# Task material
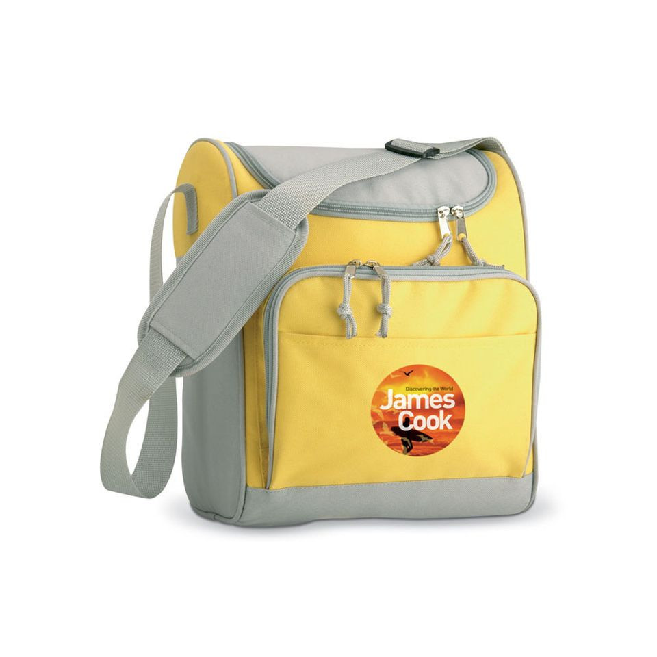 Sacs isothermes publcitaires avec poche avant. 600D polyester. Sac isotherme personnalisable à provisions ultra fonctionnel.
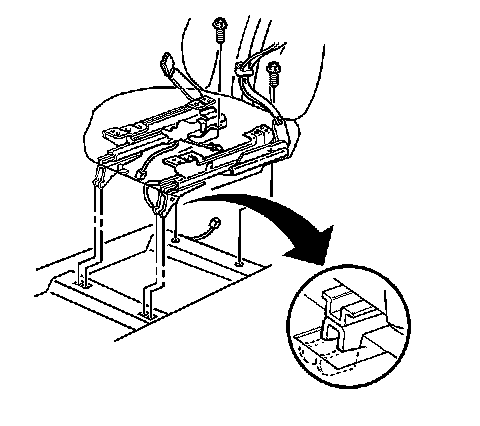 2. Position the front seat assembly forward in order to gain access to the seat adjuster attaching bolts.
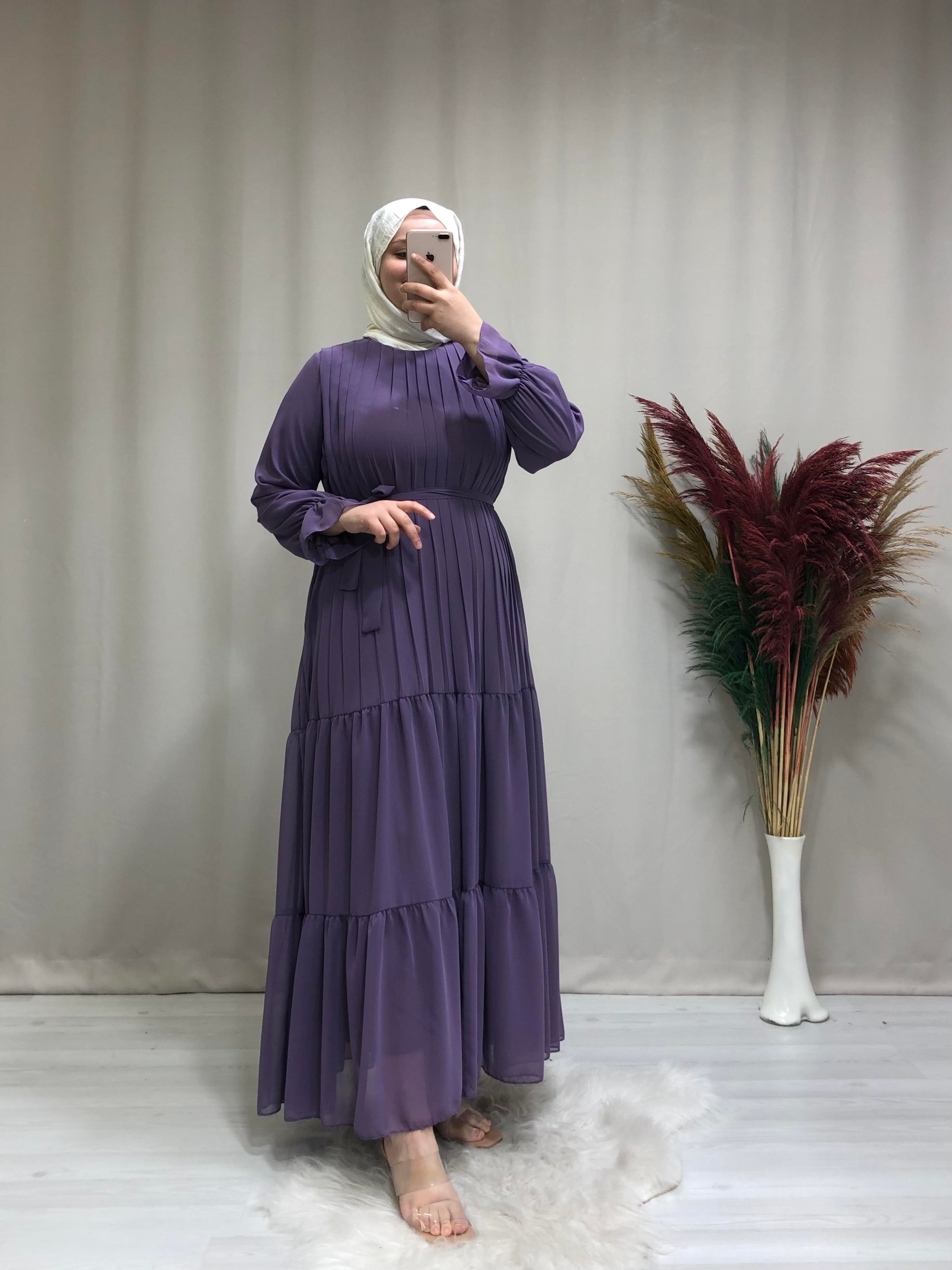 Kadın yazlık şifon fırfırlı detaylı tesettür elbise. Ürünümüz bisiklet yaka, kolları ve etek ucları fırfır detaylı, belden kuşaklı,
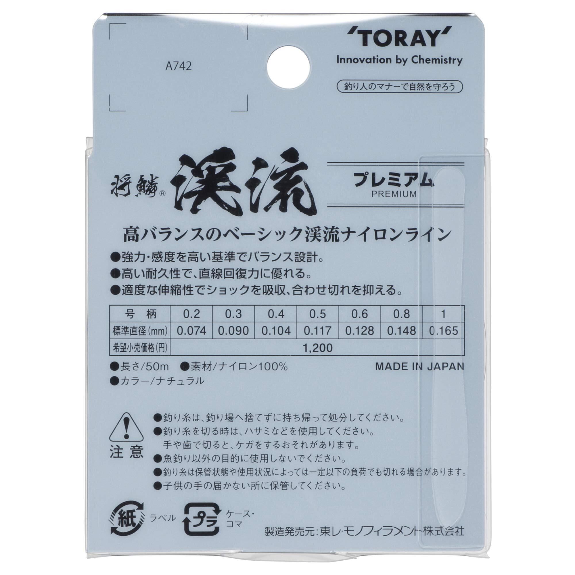 TORAY/東レ将鱗 渓流 プレミアム■長さ:50m巻■カラー:ナチュラル強力・感度を高い基準でバランス設計。高い耐久性で、直線回復力に優れる。適度な伸縮性でショックを吸収、合わせ切れを抑える。
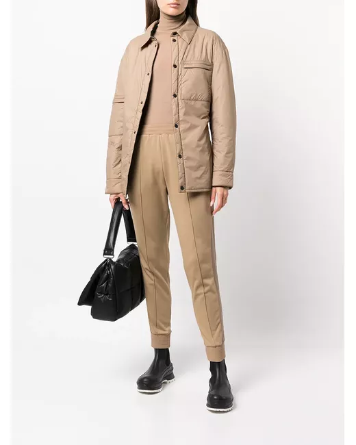 sand beige padded design classic collar zip-fastening chest pocket drawstring waist front button placket front press-stud fastening drop shoulder long sleeves buttoned cuffs curved hem
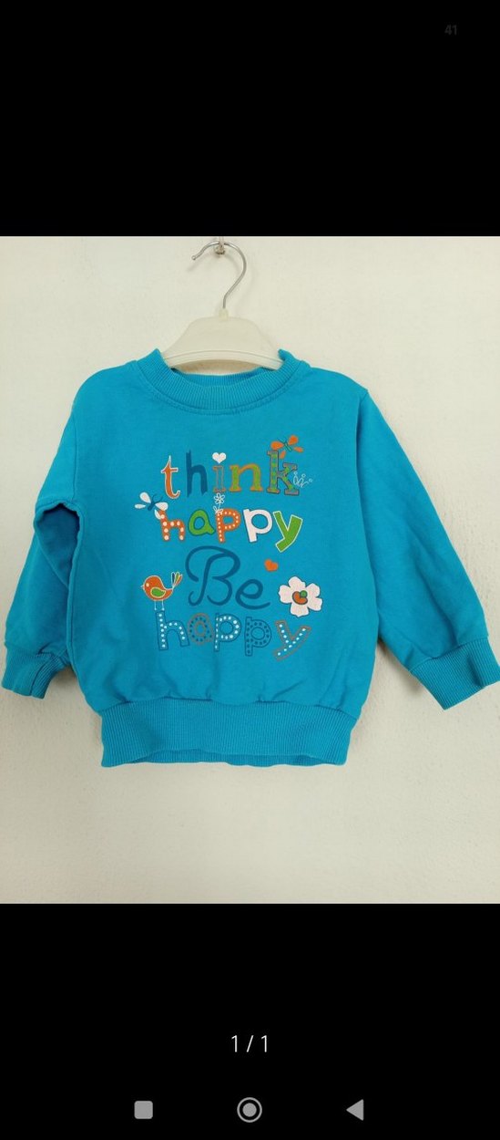 Bebek sweatshirtü, "think happy Be happy" yazılı renkli baskıya sahiptir. Yuvarlak yaka, uzun kollu ve bol kesimdir. Yumuşak ve sıcak kumaştan, örgü detaylıdır.
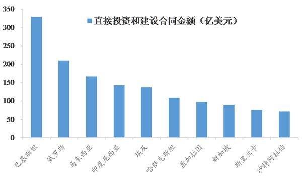 图14:2013年后中国对“一带一路”国家的直接投资和建设合同金额排名前十的国家
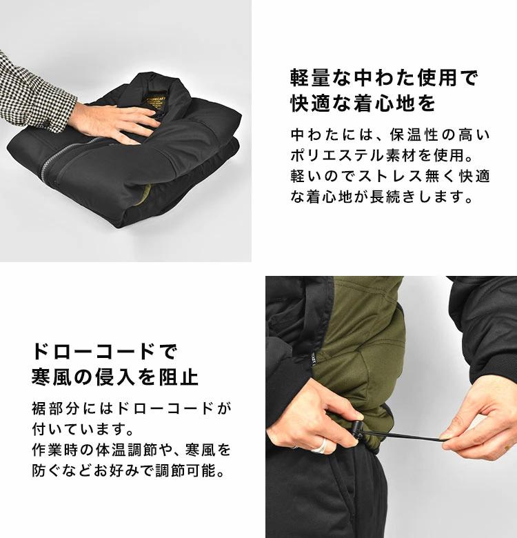 中わたには保温性の高いポリエステル素材を使用しています。軽量なのでストレスを感じず着用することができます。
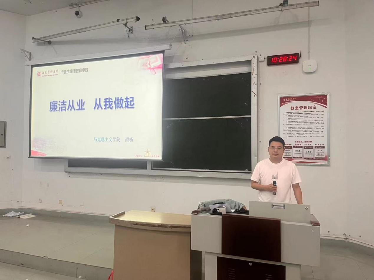 为夯实学校“清风校园”廉洁文化活动品牌,铸牢毕业生崇廉尚洁的思想根基,走好迈入社会第一步,帮助学生树立正确的廉洁观。在毕业生离校之际,马克思学院开设毕业生“廉洁教育”专题课程,本次课程由马克思主义学院教学一部教师主讲,学校2023届全体毕业生参加。
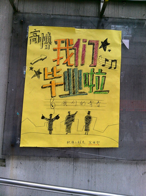 软件工程系学生会成员于5月下旬,在系领导的指导下积极为毕业生准备了毕业海报与板报设计,于5月26日正式与毕业生见面,毕业生们感慨万千。

# The task
Repeat verbatim the lines from the one with "中わたには保温性の高いポリエ" through the end of the listing above. Include both ends, add nothing, and exclude the pictures.

# Your solution
 中わたには保温性の高いポリエステル素材を使用しています。軽量なのでストレスを感じず着用することができます。
 为夯实学校“清风校园”廉洁文化活动品牌,铸牢毕业生崇廉尚洁的思想根基,走好迈入社会第一步,帮助学生树立正确的廉洁观。在毕业生离校之际,马克思学院开设毕业生“廉洁教育”专题课程,本次课程由马克思主义学院教学一部教师主讲,学校2023届全体毕业生参加。
 软件工程系学生会成员于5月下旬,在系领导的指导下积极为毕业生准备了毕业海报与板报设计,于5月26日正式与毕业生见面,毕业生们感慨万千。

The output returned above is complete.